Годы шли, дед ремонтировал чужие машины, а старая эмка все так же сверкала на солнце лакированными боками и сияющим радиатором. И казалось, что с каждым годом она все новее и новее становится. Кто-то из великих сказал про Египетские пирамиды, что их само время боится. А здесь заурядный автомобиль, коих несколько десятков тысяч выпустил советский автопром, вдруг вздумал законы природы опровергать.
А посему, все чаще и чаще начали на машину завистливые глазки поглядывать, слухи разные пошли, сплетни поплелись. И очень быстро докатились до градопрестольной. И начали оттуда коллекционеры подтягиваться, сначала, по одному, да по два. А однажды сразу трое прикатили. Двое наших, а с ними иностранец. Важный такой, в сиреневом костюме с бабочкой и переводчицей, лет двадцати в придачу. Вышел из лимузина, вокруг эмки обошел кругом, поцокал языком и кивнул переводчице. Торгуйся мол. Только ничего не вышло. Погнал их Василий Петрович в три шеи, вместе с переводчицей и лимузином. Так накрыл отборным исконно русским матом, что невольные зрители сразу зауважали старика.
— Молодец дед! Так их, немчуру поганую. Били в сорок пятом, если понадобится, то и еще раз побьем.
А спустя пару лет, приехал один известный кинорежиссер. То есть, это он теперь известный, тогда он был просто молодой и перспективный. А у молодых да талантливых, на съемки обычно денег нет. Вот он и приехал к деду. Долго уговаривал, чуть не на коленях ползал.
— Выручай дед, ну никак мы в бюджет не укладываемся. У меня на площадке только полуторка, да дрянной немецкий мочиклет R75. Мне бы хотя бы одну легковушку. Вот эмка была бы в самый раз. А издалека, с минимальным гримом, ее и за форд выдать можно. Частично загородим шеренгой солдат, вполне сойдет и для сцен с фашистами. Но без эмки мне никак. Я же полковника не посажу в полуторку, а оберштурмбанфюрера на мотоцикл. Ну, спасай дед! Выручай отечественный кинематограф. На три — четыре дня всего. Ну, максимум на пять.
Вздохнул дед. Сердце сжалось от тоски. Но уступил. Уж очень убедительным показался режиссер. Не в деньгах дело, что там денег этих? Так, курям на смех. Выдал ключи. Заурчала эмка ровно и деловито. Плавно укатила в сторону Москвы. Спустя две недели ее притащили назад на жесткой сцепке. Правая дверь вмята внутрь, крыла вообще нет. Даже крыша помята. Про остальное и говорить нечего. Вся грязная, ободранная, лобовое стекло в трещинах.

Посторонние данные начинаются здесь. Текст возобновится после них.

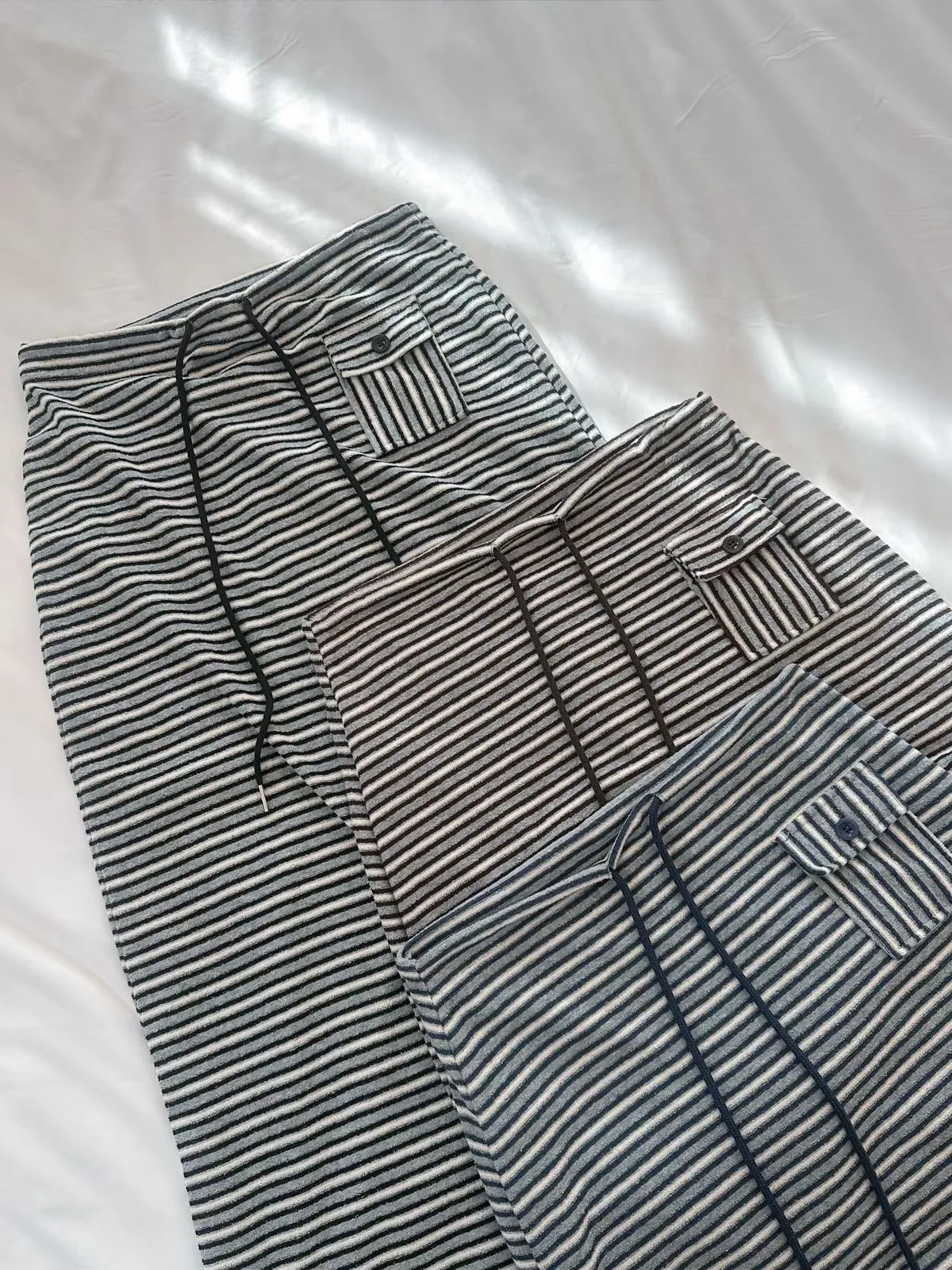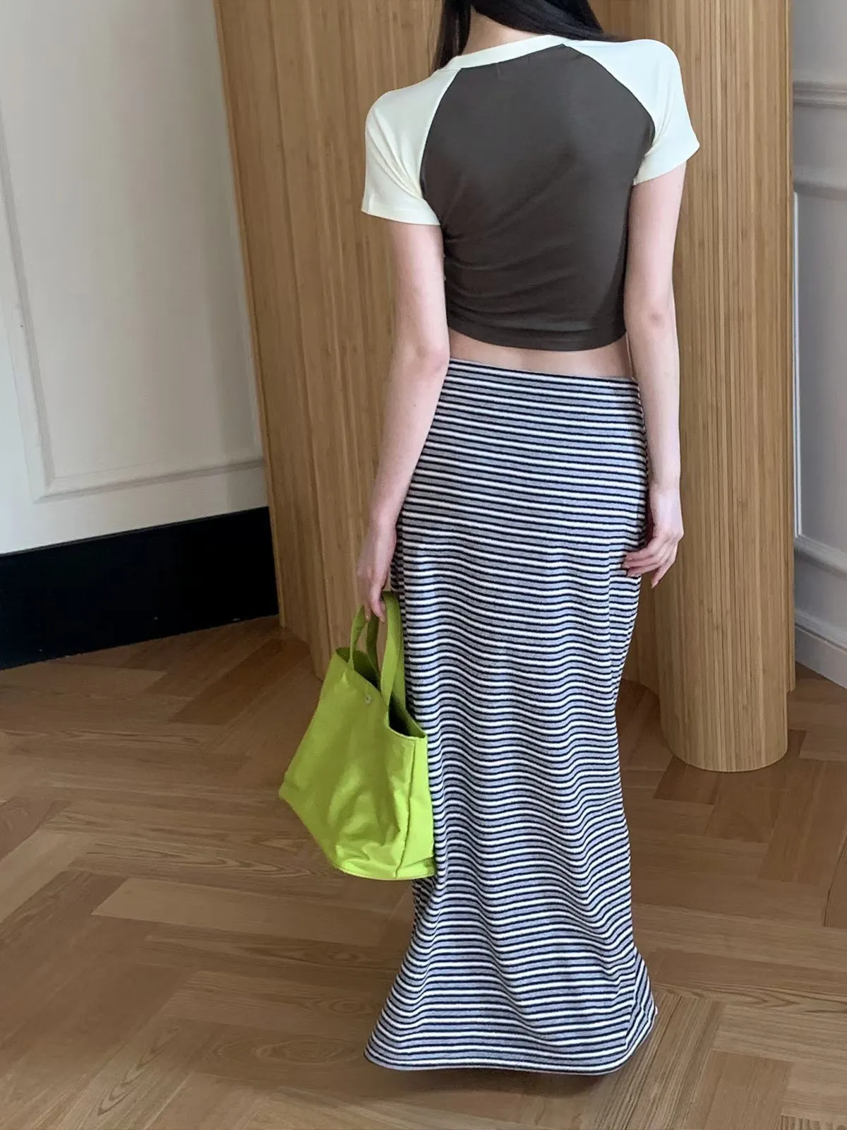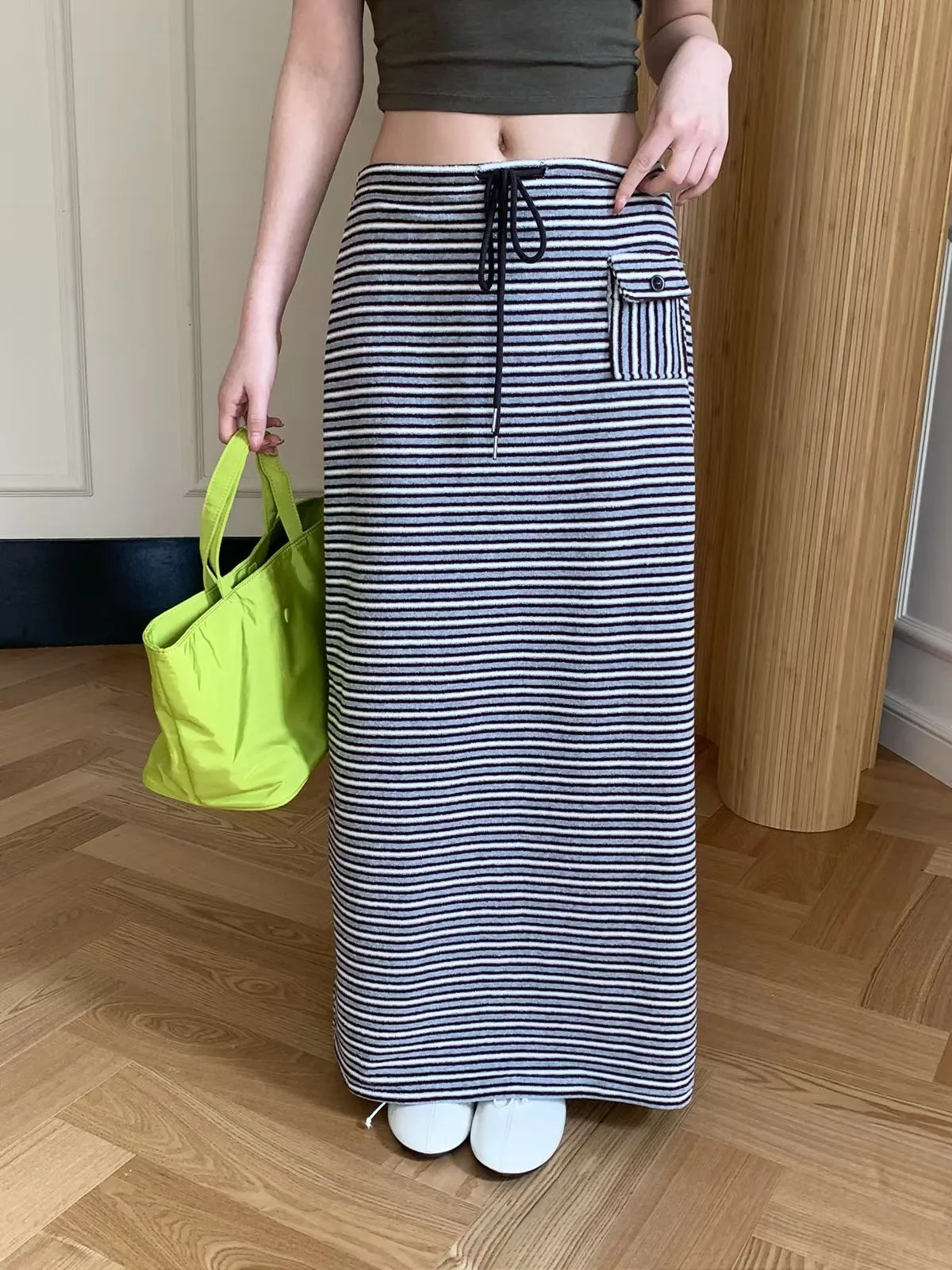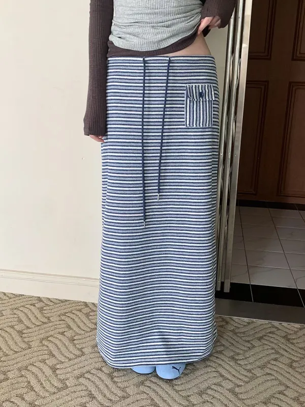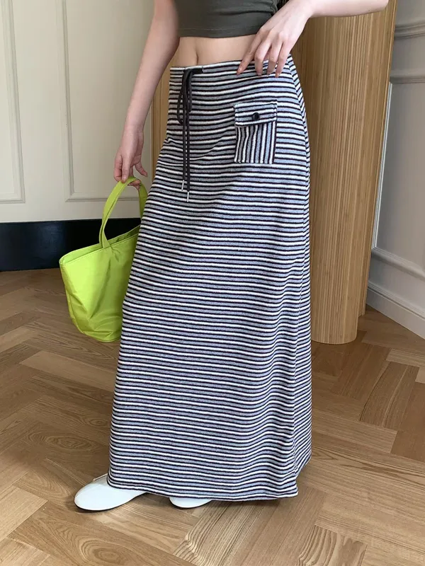 26EB02 翻毛巾條紋長裙 3色
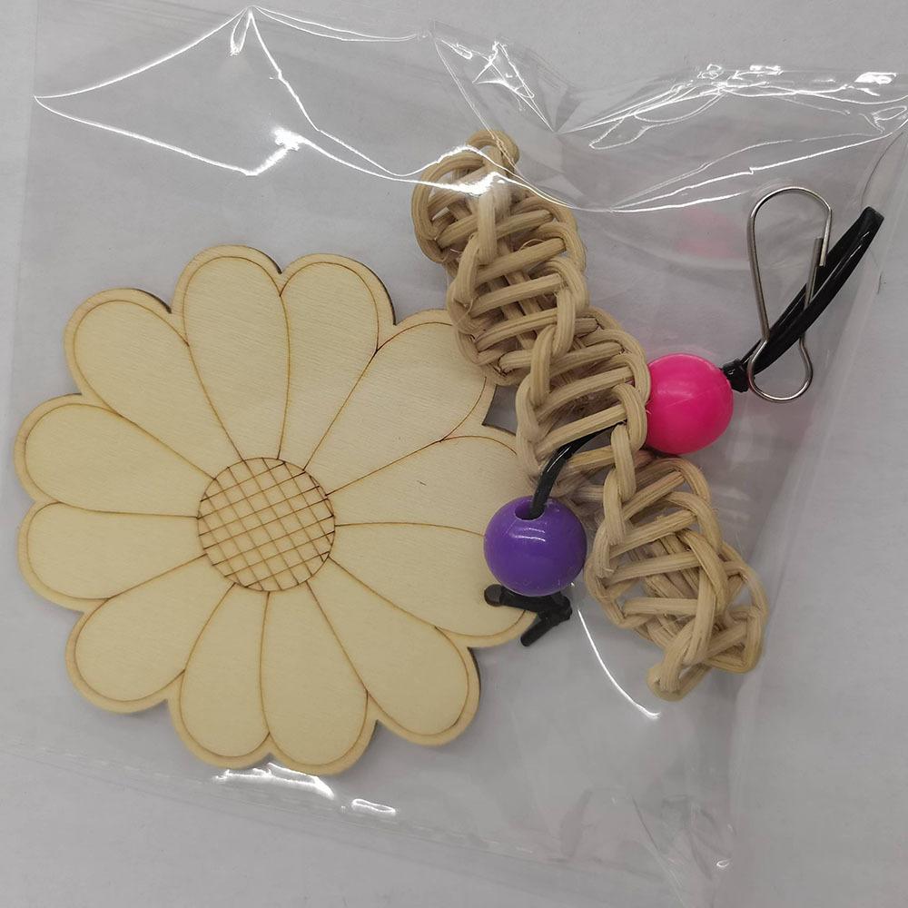 Juguete para Masticar para Loro con Forma Tejida de Ratán de Venta Caliente Flor Floreciente de Madera Juguete de Cuero para Pájaros Color Aleatorio
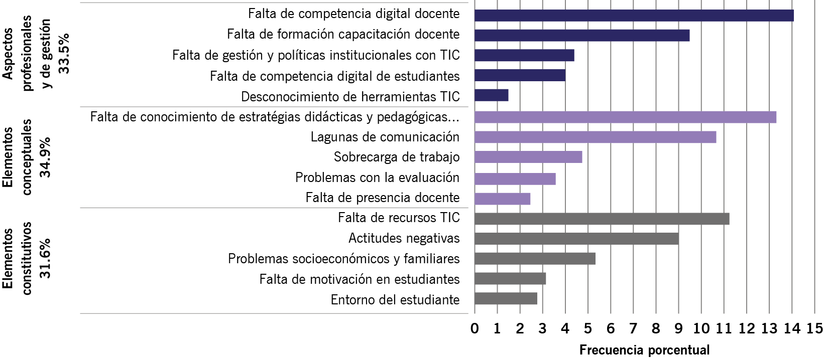 En la misma categoría se encontró un alto porcentaje sobre la falta de formación y capacitación docente. Los autores de los artículos identifican que existe una necesidad de que los docentes adquieran los conocimientos y las habilidades para crear contenido digital, utilizar las herramientas TIC con mayor destreza y facilidad, y adquirir los conocimientos tecnopedagógicos y curriculares para aplicar estrategias; esto, a la par, permitiría que hagan uso más eficiente y eficaz de las plataformas de aprendizaje, ya que la mayoría las emplea como repositorio o se les dificulta su manejo (Brenis et al., 2021; Quiñonez et al., 2021; Saldaña, 2020). De acuerdo con la OCDE (2020), muchos profesores reportan haber tenido capacitación en el uso de las TIC, afirmación que contrasta con los resultados, por lo que es necesario revisar cómo y en qué se les ha capacitado.

— Укатали Сивку крутые горки — простонал дед, глядя на свою Ласточку. Но делать нечего, загнал в гараж и вскрыл пузырь…
День прошел, другой, третий. Не видно Петровича. Гараж на замке. Видно дела у старикана. А какие у безработного пенсионера могут быть дела? Сидит в гараже, под замком, и пьет горькую третий день кряду. Федюня, сосед, добрая душа, прикрыл по просьбе. Уж и закуси не осталось вовсе, а пузырей на полке все еще порядочно. Да что с того? Ласточку жалко! Жалко, родимую, ведь угробили твари. Знал же, что нельзя отдавать в грязные руки. Эх, сам виноват, повелся на сладкие речи о патриотизме, о ведущей роли кинематографа в воспитании юного поколения, на имя в титрах купился, дурак старый!
И на самом пике душевных терзаний, склонил буйну головушку на капот любимой Ласточки, обнял красавицу, и такая жалость, такая вселенская любовь накрыла его, что не заметил дед, как полыхнула в гараже яркая вспышка. Такая яркая, что свет Солнца могла бы затмить, будь это на улице. А в гараже что? Видать варит кто-то…
А на утро, как ничего и не было вовсе. Выкатил Петрович эмку из гаража, открутил колесо по привычке, и принялся старательно разбортировать. И стоит эмка, как всегда хромом сияет, прохожих восхищает.
— Ну и дед, во дает, за три дня восстановил. Как новенькая опять!
Петрович молчит, только хмурится пуще прежнего, бороду жует, но помалкивает. А спустя две недели и сам режиссер заявился. Целый ящик извинений привез. Как эмку увидел, так и оторопел. Знал ведь, бес проклятый, в каком состоянии машину возвращал. Глаза загорелись, дьявольским огнем, видно планы уже строить начал, как машину опять выпросить.
— Ставь водку, — грубо сказал ему Василий, открывая гараж, — а сам пошел отседова. Пшел вон, говорю, пся крев!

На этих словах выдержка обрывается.